- Data under study
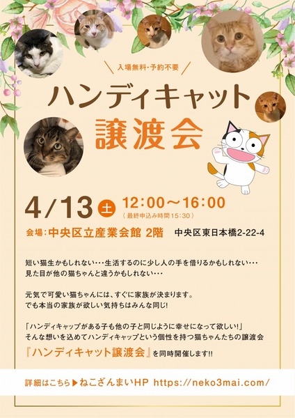 | その他(譲渡条件など) | ★仔猫ご希望の里親様★ 仔猫ちゃんたちは、まだ体がしっかりしていない赤ちゃんです。 下痢だけでも数時間対応ができなかっただけ死に至る事もあります。 その為、月齢に応じたお留守番時間を設けさせていただいております。 また、子猫ちゃん(6ヶ月未満)の里親様には子猫支援金のご協力をお願いいたしております。 ★猫ちゃんとのお見合いは譲渡会で!★ ねこざんまいの猫ちゃんは譲渡会でのお見合いのみとなります。 『この子はいつ譲渡会に参加するの?』『譲渡会場の場所はどこ?』など はねこざんまいホームページをご覧ください。 https://neko3mai.com/ ★楽しく猫ちゃんと触れ合って♪★ ねこざんまい譲渡会は、猫ちゃんも里親様も保護主も笑顔で過ごせる譲渡会を目指しています。 これから20年以上、楽しい時も、悲しい時もいつも傍にいてくれる大切な家族になる猫ちゃんです。 会場には沢山の猫ちゃんがいます。 1匹1匹、触れ合って猫ちゃんとお話ししてください。 『初めて猫ちゃんを家族に迎える方』 『先住猫ちゃんのお友達を迎える方』など トライアルの仕方や先住猫ちゃんと仲良くなるコツなど経験豊富な保護主やスタッフにお気軽にご相談ください! 猫を愛し、そして猫に愛されている猫好きスタッフと保護主がアドバイスさせていただきます。 ★里親希望のみなさまへ★ ペットではなく、家族一員としてたっぷり愛情を注いでくださるご家庭をお待ちしております。 恐れ入りますが、 ・学生の方 ・一人暮らし、同棲中の方 ・子猫、若猫希望の60歳以上のみのご家庭 ・脱走防止対策にご協力いただけない方 は原則お断りさせていただいております。 ただし、預かりボランティアさんとして新しい家族が決まるまでの間、猫ちゃんを預かっていただく道もございます。 参加猫ちゃんは、それぞれ保護主(実際に猫ちゃんを自宅に入れ、保護をしている方)が異なります。 詳しい条件なども異なる場合がございますので、会場内で直接保護主とお話ください。 〖共通条件〗 1.終生飼育 2.完全室内飼い 3.脱走防止対策へのご協力 4.避妊去勢手術 5.契約書類へのサイン 6.定期報告 7.医療費等の負担 当日の猫ちゃんを連れて帰ることはできません。後日、保護主が里親様のご自宅までお届け致します。 その為、移動の際の猫ちゃんの負担を月齢などから考慮し、お届け地区を限定させて頂くこともございますのでご了承ください。 |
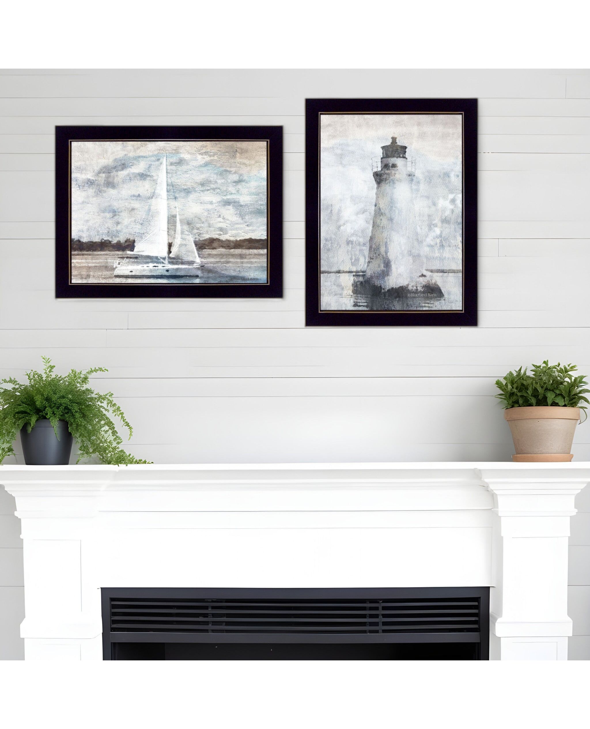 Set Of Two Lighthouse Sailboat Black Single Rim Framed Print Wall Art
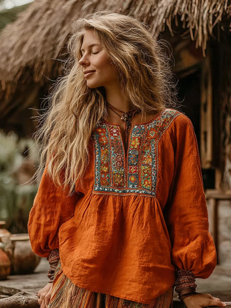Women's Retro Ethnic Floral Pattern Linen V-neck Shirt
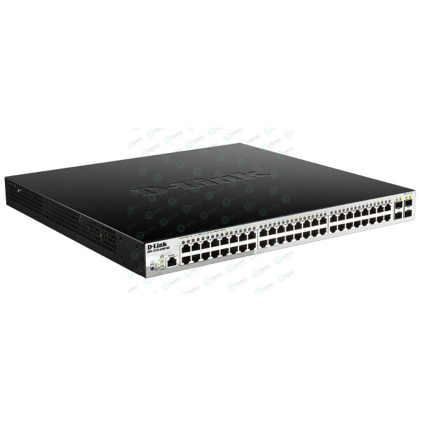 48 портов 10/100/1000Base-T с поддержкой PoE, 4 порта 1000Base-X SFP, Консольный порт с разъемом RJ-45
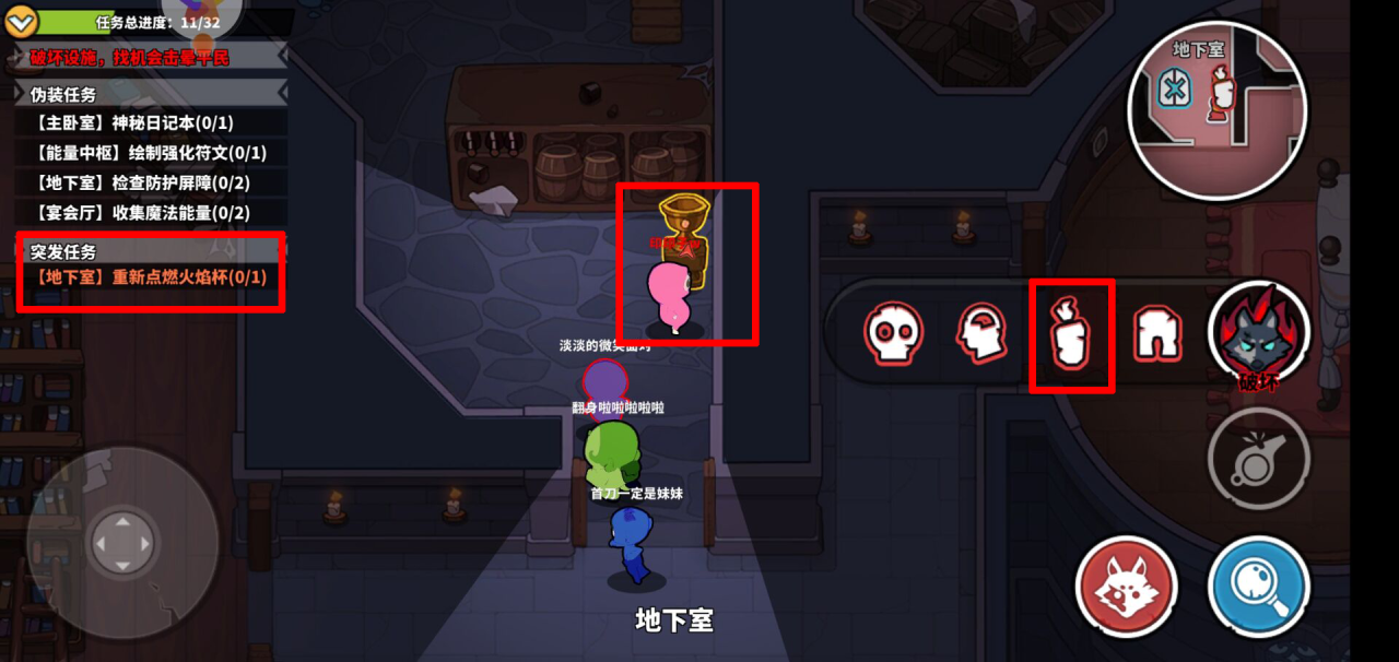 地下室任务叫做重新点燃火焰杯,完成任务的条件是刀地下室内找到火焰杯,将它点燃,需要触发任务后,点击火焰杯上的水晶,一直按着不放,等能量条满了之后就可以完成任务了,作用也不是很大,与占卜室任务同理。
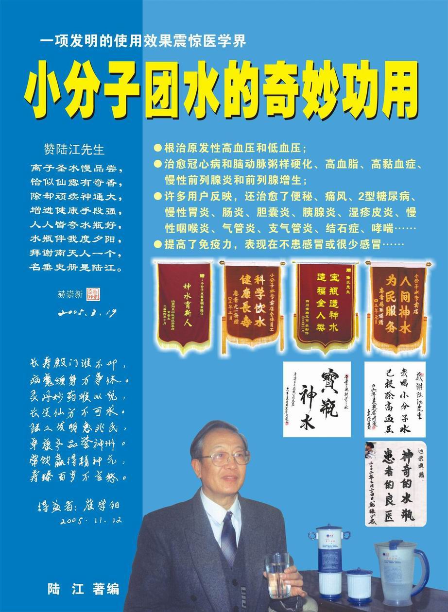 人類幾千年來(lái)患以上病癥需終生服藥,幾十年也不能治愈。可是我國(guó)南寧的高級(jí)工程師陸 江,于1990年想根治高血壓,研究發(fā)明了離子水瓶,處理出微小分子團(tuán)水供飲用,經(jīng)過(guò)醫(yī)院臨床試用和專家鑒定,1999年獲中國(guó)發(fā)明專利權(quán),產(chǎn)品于2000年投放市場(chǎng)后一直跟蹤調(diào)查,據(jù)全國(guó)各地用戶反饋:祛除了高低血壓、糖尿病和冠心病,并使前列腺增生、咽喉炎、鼻竇炎、慢性氣管炎、支氣管炎、矽肺病、哮喘、慢性胃炎、腸炎、慢性膽囊炎、慢性腎炎、腎衰、膀胱炎、便秘、痔瘡、風(fēng)濕性關(guān)節(jié)炎和濕疹皮炎及中風(fēng)后遺癥等病癥不藥而愈。為什么喝微小水能治20多種病?陸 江從1991年德國(guó)科學(xué)家發(fā)現(xiàn)細(xì)胞膜水通道僅為2納米獲得啟發(fā),認(rèn)為多種器官患病是因細(xì)胞脫水,不能正常代謝和分裂增殖,才使器官細(xì)胞減少致衰弱萎縮而形成細(xì)胞缺水性病癥。22年來(lái)的實(shí)踐有力地支持了“細(xì)胞脫水致病”這一重要論點(diǎn),表明喝微小水可滿足細(xì)胞的生理需求,補(bǔ)水就能祛病,是生命科學(xué)新亮點(diǎn)。

- Work task
Could you set down the material above word for word while dropping its pictures?

- Expected output
 | その他(譲渡条件など) | ★仔猫ご希望の里親様★ 仔猫ちゃんたちは、まだ体がしっかりしていない赤ちゃんです。 下痢だけでも数時間対応ができなかっただけ死に至る事もあります。 その為、月齢に応じたお留守番時間を設けさせていただいております。 また、子猫ちゃん(6ヶ月未満)の里親様には子猫支援金のご協力をお願いいたしております。 ★猫ちゃんとのお見合いは譲渡会で!★ ねこざんまいの猫ちゃんは譲渡会でのお見合いのみとなります。 『この子はいつ譲渡会に参加するの?』『譲渡会場の場所はどこ?』など はねこざんまいホームページをご覧ください。 https://neko3mai.com/ ★楽しく猫ちゃんと触れ合って♪★ ねこざんまい譲渡会は、猫ちゃんも里親様も保護主も笑顔で過ごせる譲渡会を目指しています。 これから20年以上、楽しい時も、悲しい時もいつも傍にいてくれる大切な家族になる猫ちゃんです。 会場には沢山の猫ちゃんがいます。 1匹1匹、触れ合って猫ちゃんとお話ししてください。 『初めて猫ちゃんを家族に迎える方』 『先住猫ちゃんのお友達を迎える方』など トライアルの仕方や先住猫ちゃんと仲良くなるコツなど経験豊富な保護主やスタッフにお気軽にご相談ください! 猫を愛し、そして猫に愛されている猫好きスタッフと保護主がアドバイスさせていただきます。 ★里親希望のみなさまへ★ ペットではなく、家族一員としてたっぷり愛情を注いでくださるご家庭をお待ちしております。 恐れ入りますが、 ・学生の方 ・一人暮らし、同棲中の方 ・子猫、若猫希望の60歳以上のみのご家庭 ・脱走防止対策にご協力いただけない方 は原則お断りさせていただいております。 ただし、預かりボランティアさんとして新しい家族が決まるまでの間、猫ちゃんを預かっていただく道もございます。 参加猫ちゃんは、それぞれ保護主(実際に猫ちゃんを自宅に入れ、保護をしている方)が異なります。 詳しい条件なども異なる場合がございますので、会場内で直接保護主とお話ください。 〖共通条件〗 1.終生飼育 2.完全室内飼い 3.脱走防止対策へのご協力 4.避妊去勢手術 5.契約書類へのサイン 6.定期報告 7.医療費等の負担 当日の猫ちゃんを連れて帰ることはできません。後日、保護主が里親様のご自宅までお届け致します。 その為、移動の際の猫ちゃんの負担を月齢などから考慮し、お届け地区を限定させて頂くこともございますのでご了承ください。 |
 Set Of Two Lighthouse Sailboat Black Single Rim Framed Print Wall Art
Women's Retro Ethnic Floral Pattern Linen V-neck Shirt
 48 портов 10/100/1000Base-T с поддержкой PoE, 4 порта 1000Base-X SFP, Консольный порт с разъемом RJ-45
 地下室任务叫做重新点燃火焰杯,完成任务的条件是刀地下室内找到火焰杯,将它点燃,需要触发任务后,点击火焰杯上的水晶,一直按着不放,等能量条满了之后就可以完成任务了,作用也不是很大,与占卜室任务同理。
 人類幾千年來(lái)患以上病癥需終生服藥,幾十年也不能治愈。可是我國(guó)南寧的高級(jí)工程師陸 江,于1990年想根治高血壓,研究發(fā)明了離子水瓶,處理出微小分子團(tuán)水供飲用,經(jīng)過(guò)醫(yī)院臨床試用和專家鑒定,1999年獲中國(guó)發(fā)明專利權(quán),產(chǎn)品于2000年投放市場(chǎng)后一直跟蹤調(diào)查,據(jù)全國(guó)各地用戶反饋:祛除了高低血壓、糖尿病和冠心病,并使前列腺增生、咽喉炎、鼻竇炎、慢性氣管炎、支氣管炎、矽肺病、哮喘、慢性胃炎、腸炎、慢性膽囊炎、慢性腎炎、腎衰、膀胱炎、便秘、痔瘡、風(fēng)濕性關(guān)節(jié)炎和濕疹皮炎及中風(fēng)后遺癥等病癥不藥而愈。為什么喝微小水能治20多種病?陸 江從1991年德國(guó)科學(xué)家發(fā)現(xiàn)細(xì)胞膜水通道僅為2納米獲得啟發(fā),認(rèn)為多種器官患病是因細(xì)胞脫水,不能正常代謝和分裂增殖,才使器官細(xì)胞減少致衰弱萎縮而形成細(xì)胞缺水性病癥。22年來(lái)的實(shí)踐有力地支持了“細(xì)胞脫水致病”這一重要論點(diǎn),表明喝微小水可滿足細(xì)胞的生理需求,補(bǔ)水就能祛病,是生命科學(xué)新亮點(diǎn)。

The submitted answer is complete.